1985/86 was the beginning of a period in which Hadlee developed from a very good fast bowler to a truly great one. In New Zealand's tour to Australia, an outstanding all-round performance helped destroy the home team in the first Test at Brisbane, beginning with a personal Test best 9 for 52 in Australia's first innings. A batting effort of 54 (to complement a fine 188 by Martin Crowe) combined with 6 more wickets in Australia's second innings, helped New Zealand to a crushing innings victory. Hadlee followed this up with 7 wickets in a loss in the second Test, and 11 wickets in a New Zealand victory in the third Test, giving his country their first series win on Australian soil and a personal haul of 33 wickets in 3 Tests. In the first Test of the return series in New Zealand, Hadlee took his 300th Test wicket by trapping Australian captain Allan Border LBW. The series was eventually won 2-1 by New Zealand by way of a victory in the third Test at Eden Park.
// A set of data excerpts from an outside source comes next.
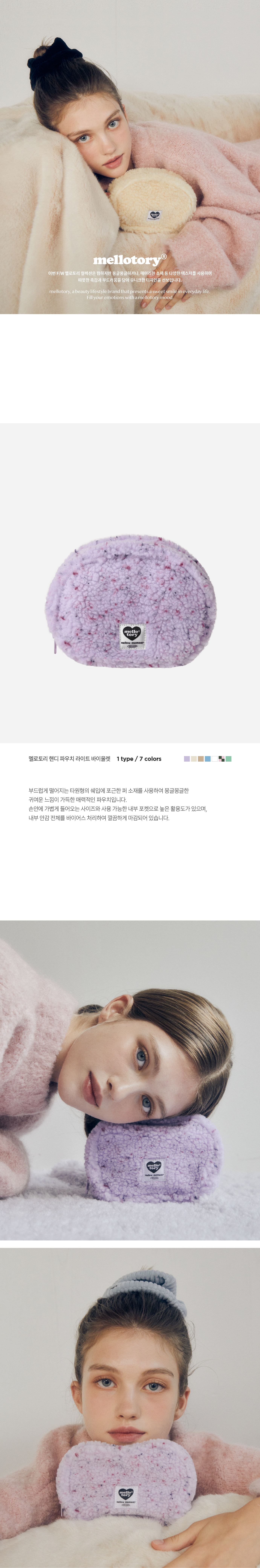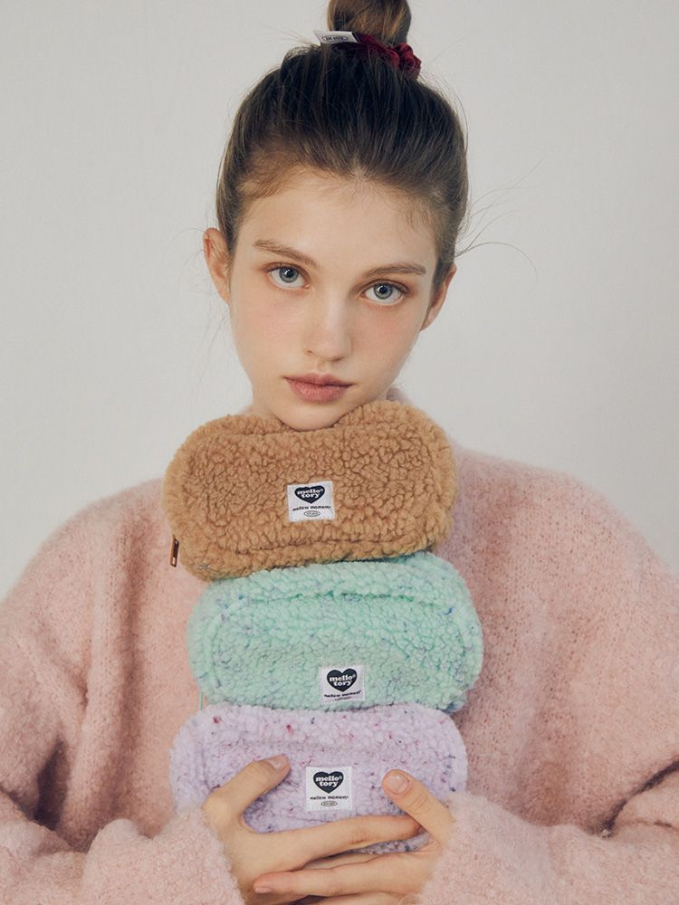 타원형 쉐입에 포근한 퍼 소재를 사용한 몽글몽글한 느낌의 매력적인 파우치.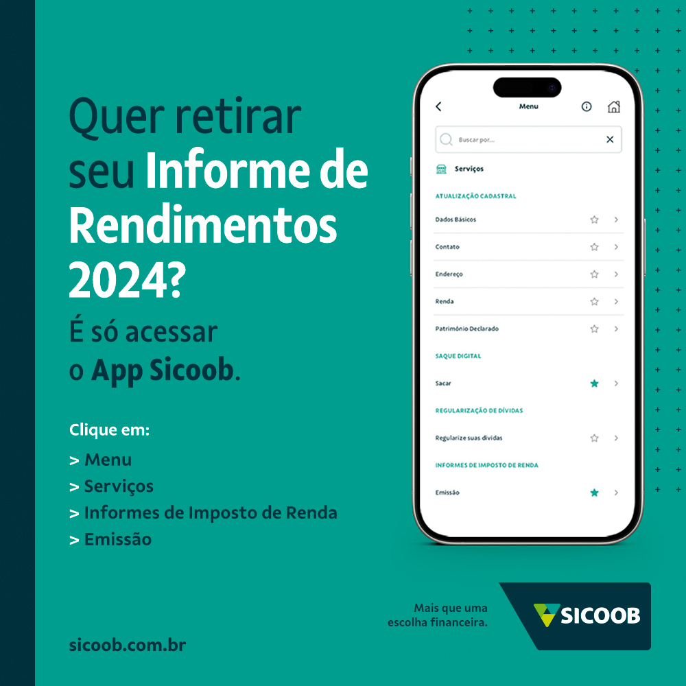 Os informes de rendimentos dos cooperados, tanto pessoas físicas quanto jurídicas, referentes ao ano fiscal de 2024, já estão disponíveis no aplicativo Sicoob!
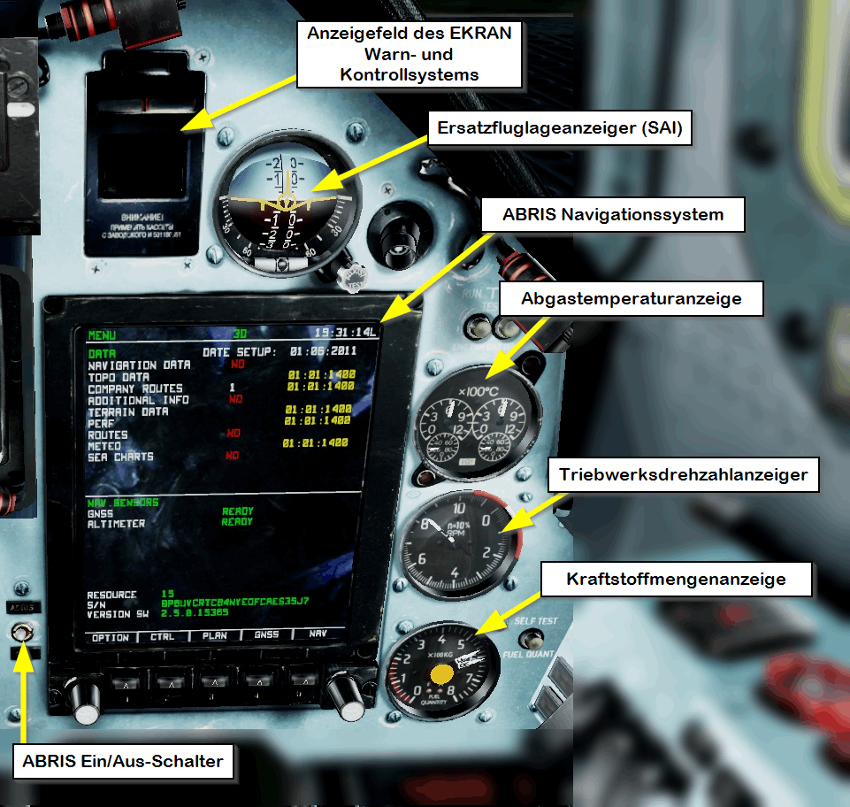 Die beiden wichtigsten sind das EKRAN Warn- und Kontrollsystem und das ABRIS Navigationssystem.

In 1986 Hadlee helped New Zealand to a 1–0 series win in England, their first over that country in England. Hadlee's outstanding personal performance in the second Test at Nottingham (his county 'home') where he took 10 wickets and scored 68 in New Zealand's first innings powered his team to victory. In this Test Hadlee, often a controversial character, added to this side of his reputation when he felled (and hospitalised) England wicketkeeper and Nottinghampshire teammate Bruce French with a nasty bouncer. During the New Zealand v West Indies Test at Christchurch in March 1987, Hadlee and captain Jeremy Coney had a disagreement in the dressing room prior to the game. It progressed to not talking to each other on the field, communicating through John Wright at mid-on.

In April 1987, New Zealand travelled to Sri Lanka where Hadlee recorded his second Test century. His 151 not out in the first Test helped New Zealand to save the game; however, the tour was cut short due to a bomb exploding near the New Zealand team's hotel in Colombo. The terrorist bomb responsible for killing 113 civilians was planted by the Tamil Tigers separatist movement and was not thought to be directed at the touring New Zealand cricket team. Nonetheless, the team voted overwhelmingly to return home after that one Test of the scheduled three-Test tour.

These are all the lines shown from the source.